## The problem
The entries that follow must be written out exactly, without any of the pictures they contain.

# # # #

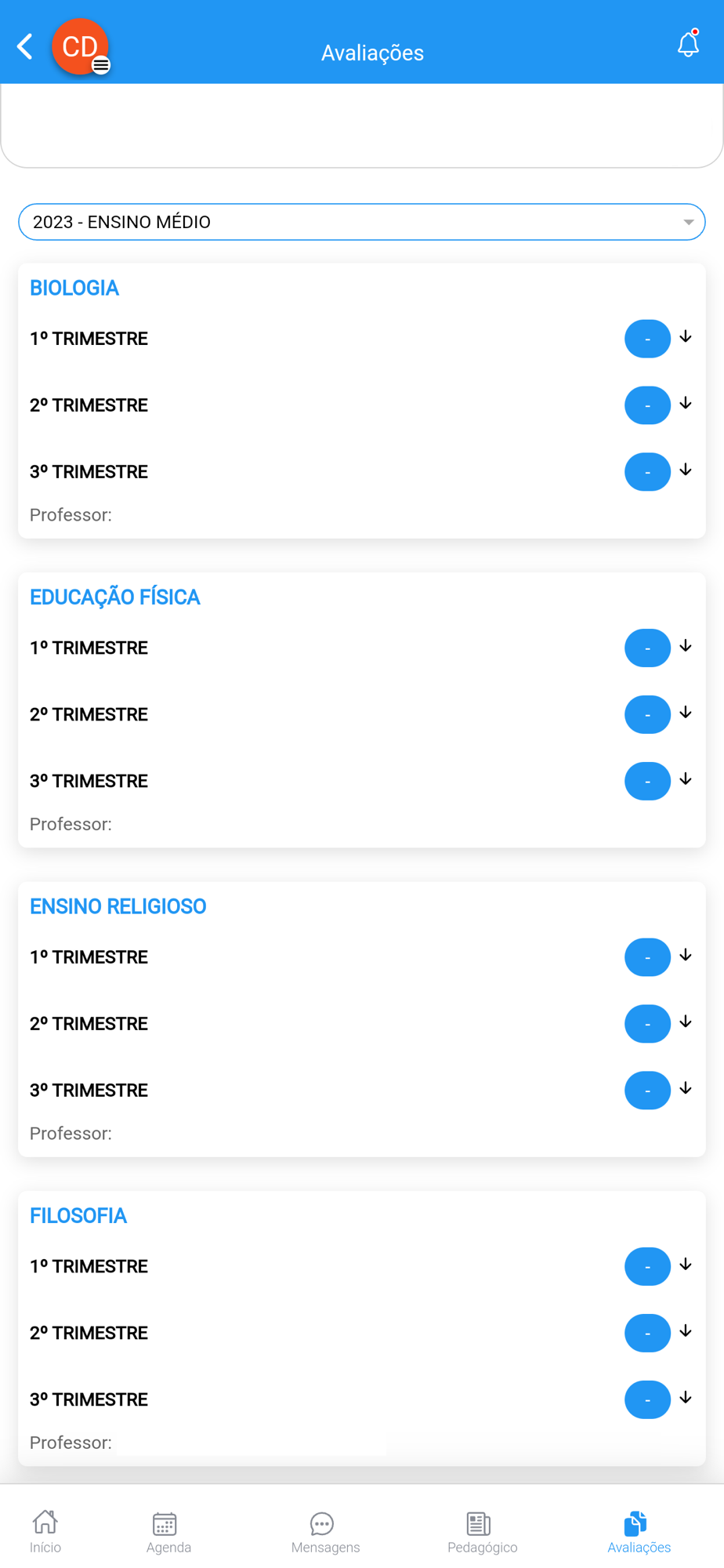 • As avaliações e faltas do ano ou semestre atual e passados, com envio de notificações e push quando as avaliações forem liberadas ou alteradas pela Instituição ou pelo professor.
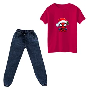 ست تیشرت و شلوار پسرانه مدل کریسمسی کد 08 رنگ سرخابی
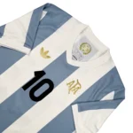 Note IFS : 9/10 – L’Argentine et Adidas ont sorti en novembre 2024 un maillot anniversaire pour fêter leurs 50 ans de collaboration. Design rétro avec rayures bleu ciel et blanc, logo trèfle doré, écusson style années 70 avec les trois étoiles. Il a fait ses débuts en match officiel face au Pérou le 20 novembre 2024. Floqué de l’un des meilleurs joueurs de tous les temps, ce maillot prendra encore de la valeur à coup sûr ! Léo Messi…
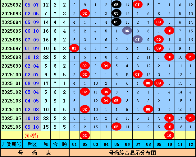 后区分析:上期后区开出号码05和10,最近10期后区奖号奇偶比为6:14,大小比为10:10,本期后区看好号码01、02、06、10、11,后区单挑两码02、10。
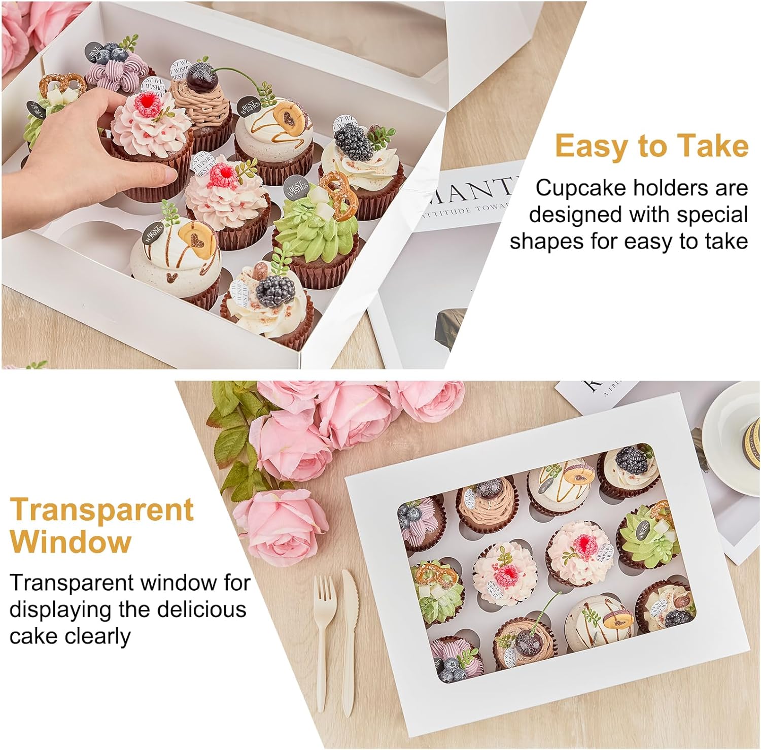 Premium Material: Made of food grade cardboard, the white cupcake boxes are odorless, sturdy and stable. Large clear PET window allows for a clear view of the desserts inside

# # # #

## Result
 • As avaliações e faltas do ano ou semestre atual e passados, com envio de notificações e push quando as avaliações forem liberadas ou alteradas pela Instituição ou pelo professor.
 ست تیشرت و شلوار پسرانه مدل کریسمسی کد 08 رنگ سرخابی
 Note IFS : 9/10 – L’Argentine et Adidas ont sorti en novembre 2024 un maillot anniversaire pour fêter leurs 50 ans de collaboration. Design rétro avec rayures bleu ciel et blanc, logo trèfle doré, écusson style années 70 avec les trois étoiles. Il a fait ses débuts en match officiel face au Pérou le 20 novembre 2024. Floqué de l’un des meilleurs joueurs de tous les temps, ce maillot prendra encore de la valeur à coup sûr ! Léo Messi…
 后区分析:上期后区开出号码05和10,最近10期后区奖号奇偶比为6:14,大小比为10:10,本期后区看好号码01、02、06、10、11,后区单挑两码02、10。
 Premium Material: Made of food grade cardboard, the white cupcake boxes are odorless, sturdy and stable. Large clear PET window allows for a clear view of the desserts inside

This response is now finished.